Mapping the environment around a robot
Object detection and mapping are crucial functions for a fully autonomous robot to perform. The more precisely and accurately the robot senses its environment, the faster and more efficiently it can move around a shared space.
Sophisticated robot designs build on 3D sensing, to build a ‘depth map’, which accurately represents the size and shape of objects within the field of view, and their distance from the sensor. Effective 3D sensing typically uses a combination of infrared emitters (IR LEDs or lasers) and high-resolution IR sensors for stereo or structured light based vision solutions. The Mira family of image sensors is especially useful in robotics applications because it is sensitive to both visible and IR wavelengths. For instance, the Mira220 is a near infrared global shutter image sensor that offers high quantum efficiency in the visible spectrum as well as in the near-infrared light spectrum, where quantum efficiency is up to 38% at 940nm based on our internal tests. There is more about the Mira family in this video.

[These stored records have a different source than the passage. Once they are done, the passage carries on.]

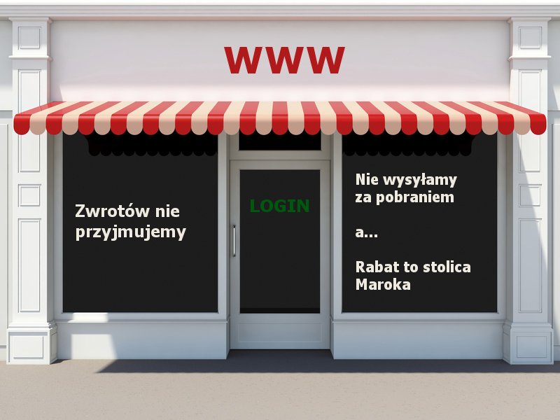 Dobra strona www, ciekawy asortyment, intensywna kampania w mediach społecznościowych sprawią, że nasz sklep, choćby mieścił się w garażu, sprawiał będzie wrażenie ekskluzywnego butiku. Jak pokazuje praktyka, świeżo upieczeni właściciele sklepów internetowych, konstruując prawne zasady działalności swojego sklepu, chętnie korzystają z niechlubnego dorobku konkurencji.
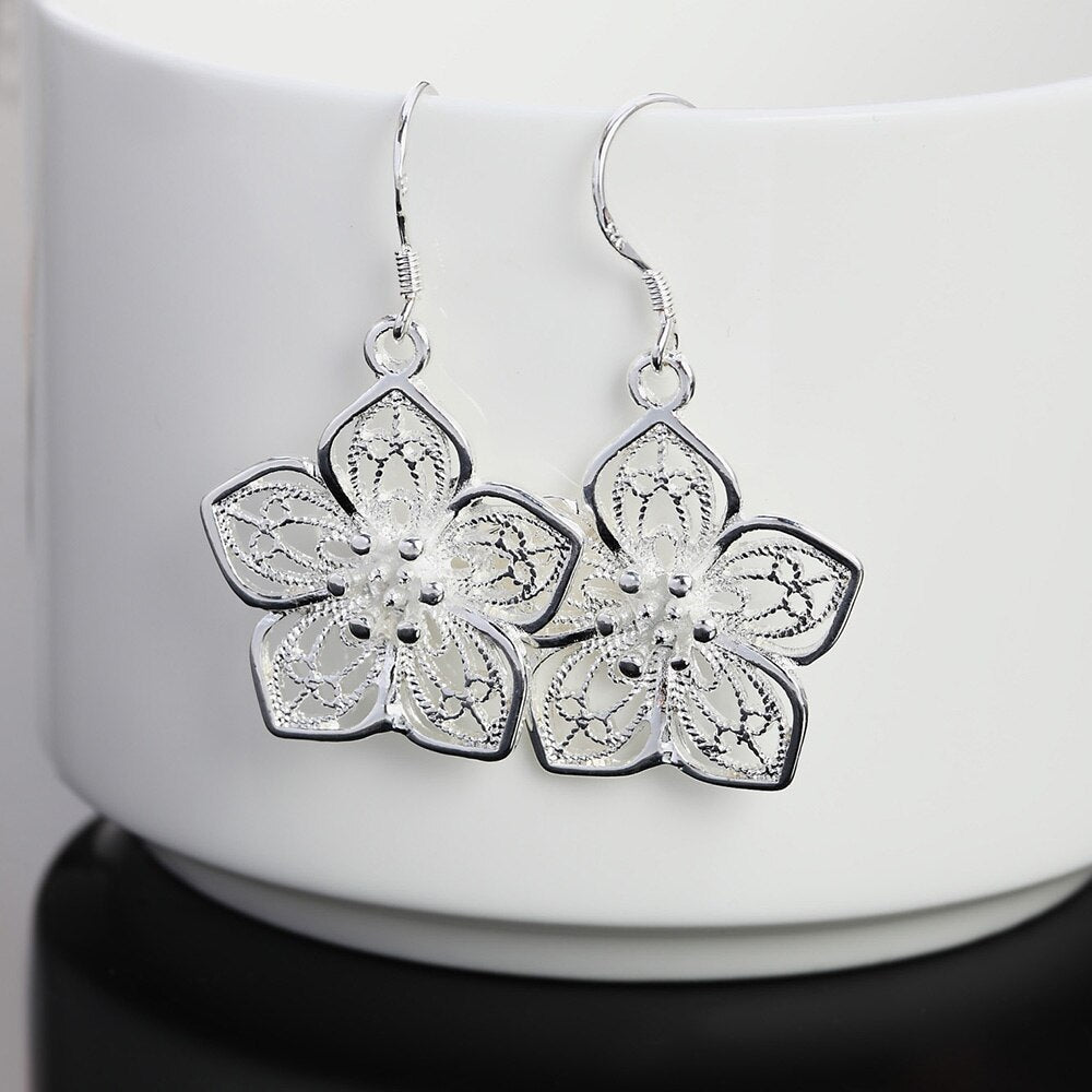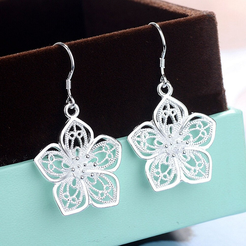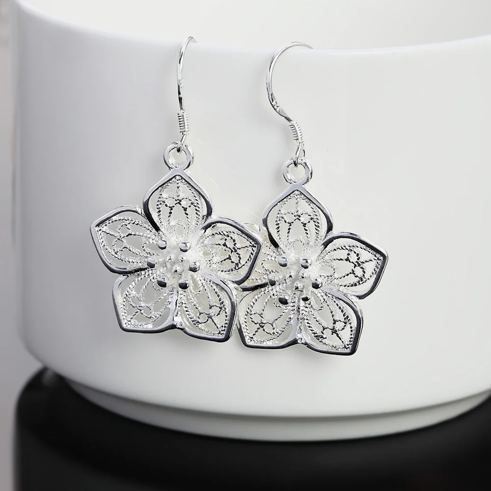 Retro Pretty Flowers 925 Sterling Silver Earrings for women party wedding Jewelry fine gifts
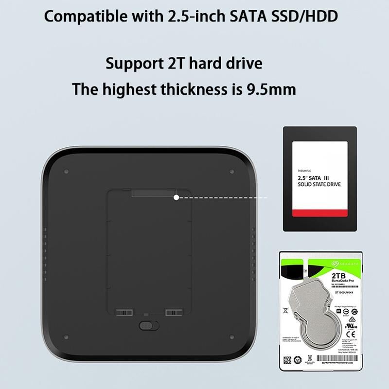 4. Ενσωματωμένη επέκταση σκληρού δίσκου: Συμβατό με στερεούς/μηχανικούς σκληρούς δίσκους SATA 2,5 ιντσών, υποστηρίζει σκληρούς δίσκους 2T και έχει μέγιστο πάχος 9,5 mm.
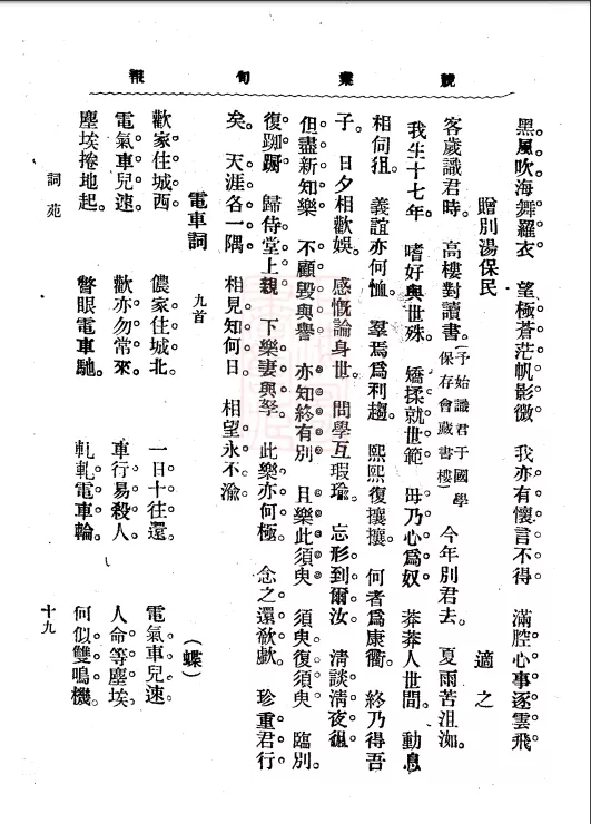 电气车是上海都市中出现的现代事物。《格致新报》上曾经介绍电气车的速度,在平直之处,每分钟能走七里。它的速度要远远快于马车和人力车,但人们对电气车的谴责之声非常激烈。因为电气车常常撞人,轻则受伤,重则身亡。《通学报》上的《电车碾人》就登载过上海法租界电车在八仙桥西碾死王龚氏母子二人的消息。甚至有人估计,上海电车通行数月,“碾死者相望,夷伤者不可胜计”。这自然有些夸张,但电车撞人事件肯定引起了人们的担忧。《竞业旬报》上刊载有两首谴责电车的诗,分别是德争的《哀电车》,和胡适(署名“蝶”)的《电车词》。胡适的《电车词》采用乐府体,以女子劝情郎少来见面的担忧,突出电车的危险,“十里电车道,步步有危机”。德争的《哀电车》则采用骚体,用众多比喻极写电车的速度之快,因而撞人也快,从而有些悲愤地谴责其无情。从美学风格来看,《电车词》趋俗,《哀电车》近雅。但两者在篇幅上都有一定的规模,不止四句、八句那样短小。

A Mira image sensor can be used both for 3D sensing (in combination with 940nm IR emitters), as well as providing video image outputs to enable object recognition and other artificial intelligence (AI) functions. New use cases for imaging solutions on robots are emerging all the time, such as service robots collecting garbage from city streets. The combination of image sensing and AI allows the robot to identify and collect waste items correctly.

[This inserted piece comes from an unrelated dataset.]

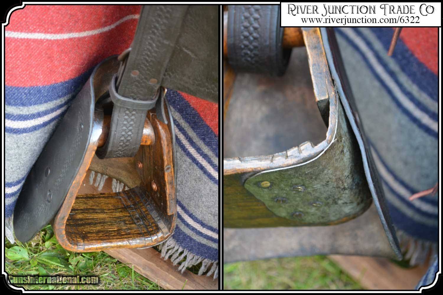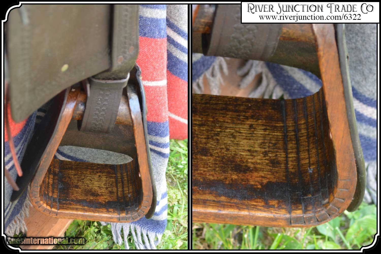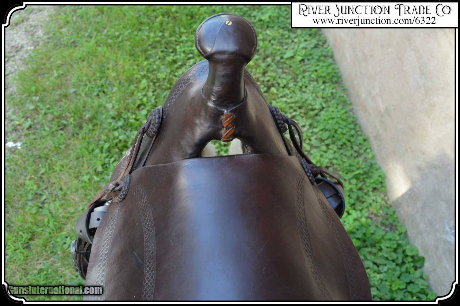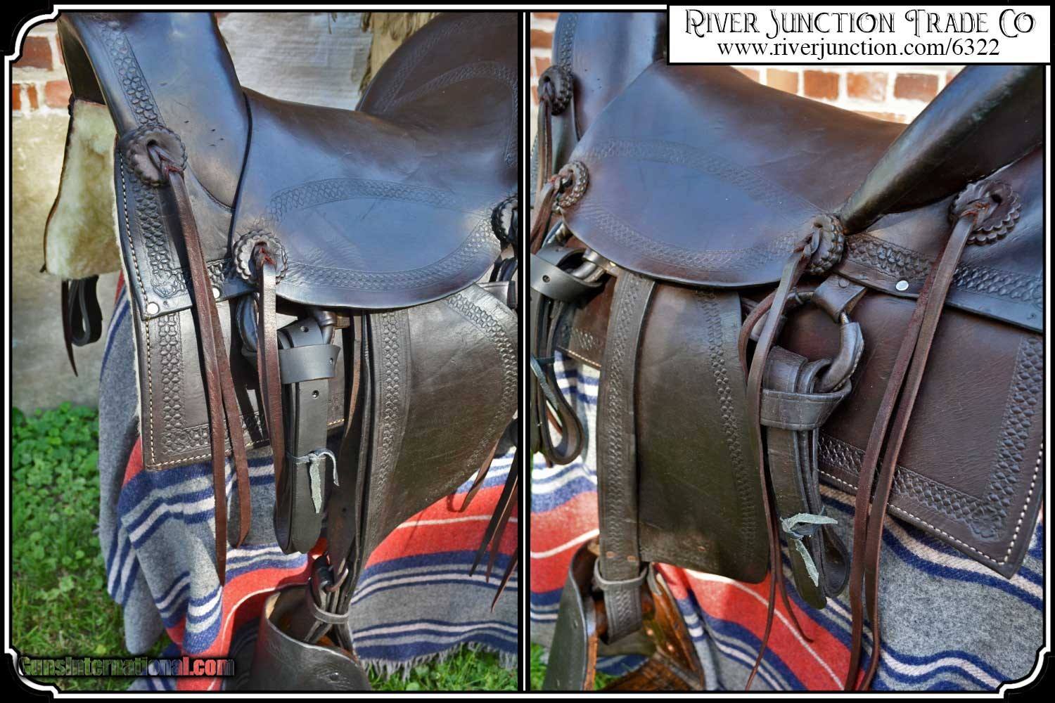 Description: What a nice piece of history! This saddle shows original, roller boarder stamping on all major parts. The saddle seat measurements are 15" seat / Fenders 14" long and Antique hand made wooden Western doghouse stirrups 5" wide x 5" high. The left stirrup has a vintage repair. This repair is very sound and we choose to clean and check it. We have left it as a testament of years of service once provided. This saddle has been completely restored by "Montana Ed". The beautiful condition of this saddle does not show its true age. It has a scant few handling marks from daily use. It is ready to ride with only the addition of cinches for its double rigging. A classic Old West Cowboy Saddle that would add an air of authenticity to any western decor. The leather tie strings have all been replaced. There is litterly no surface cracking a great rarity on these old saddles. The tree is solid and true. The fenders are well preserved and the tooling well-defined. New fleece has been added and is thick and very usable. All stitching has been redone through the original stitching holes and is tight and secure. You can count on this saddle to provide another century of service. I find no makers name on this saddle, and it was obviously done by a talented saddler. To have a saddle like this made new today would cost you $3000.00 plus. SAVVY SAYIN! Admire a big horse. Saddle a small one. Payment: Item, can be ordered on line with a credit card or paypal on our sight. Just Google (riverjunction) and type in the River Junction Trade Co. item number (6322) in the search box. Before you checkout you will see shipping cost and total. OR If you prefer: Pay by cash, postal money order, cashiers check, personal & business checks. We wait for checks to clear. We always answer questions and entertain offers. Have questions? Call me 563-880-4588. Jim SOLD |

Integration of emitters and image sensors into a 3D sensing system can be eased by use of a reference design kit – the Oclea 3D Vision SDK from Teknique is particularly helpful. It provides a plug-and-play development platform for direct integration into the robot system of choice.
If 3D scanning accuracy is less crucial for the robot’s application use case and algorithmically simpler obstacle detection is already sufficient, multi-zone direct time-of-flight sensors could be the sensing solution of choice. These TMF882X sensors can be easily paired to scanning arrays with wider field of view or even combined with image based 3D scanning solutions for system wake-up if ultimate low-power design is required.
Advanced sensors to identify materials
A robot’s environment awareness will not be limited just navigation and collision avoidance. In a robotic floor cleaner, for instance, a spectral sensing IC such as the AS7343 can detect flooring materials, distinguishing wool from polyester from wood from ceramics. Besides material categorization, ams OSRAM's spectral sensors can also perform accurate measurements, to enable cleaning operations to be automatically optimized for the type of floor.
Spectral measurements made by a spectral sensor more accurately identify flooring materials than a visual camera backed by complex algorithms, and are simpler to implement: the sensor system relies only on machine learning-based algorithms to match an acquired spectral pattern with a reference sample stored in memory.
Light signals for communication with people
Optical technology can be used to signal to the outside world, as well as to sense the world around the robot.
New light projection technology provides an ideal method for a robot to signal intention. In the automotive sector, ams OSRAM has pioneered the implementation of projection lighting through micro-lens arrays to display, for instance, turn signals on to the road surface below the wing mirror.
In a robot, a micro-lens array could project symbols such as left-turn or right-turn arrows, or a set of pulsing rings surrounding the robot to indicate the extent of its safety zone, as the picture below shows. By communicating information and intention with light, the robot can guide humans to step out of its way more intuitively or navigate smoothly around it, without annoying alarm sounds or slowing the movement either of the robot or the person.
Advanced optical technology brings new value to robotics
Innovation in robotics is bringing exciting new use cases to the market. In many of them, robots will need to interact spontaneously and autonomously with people and objects in their environment. Advanced optical technologies from ams OSRAM for sensing and illumination provide the foundation for the development of this next generation of robots.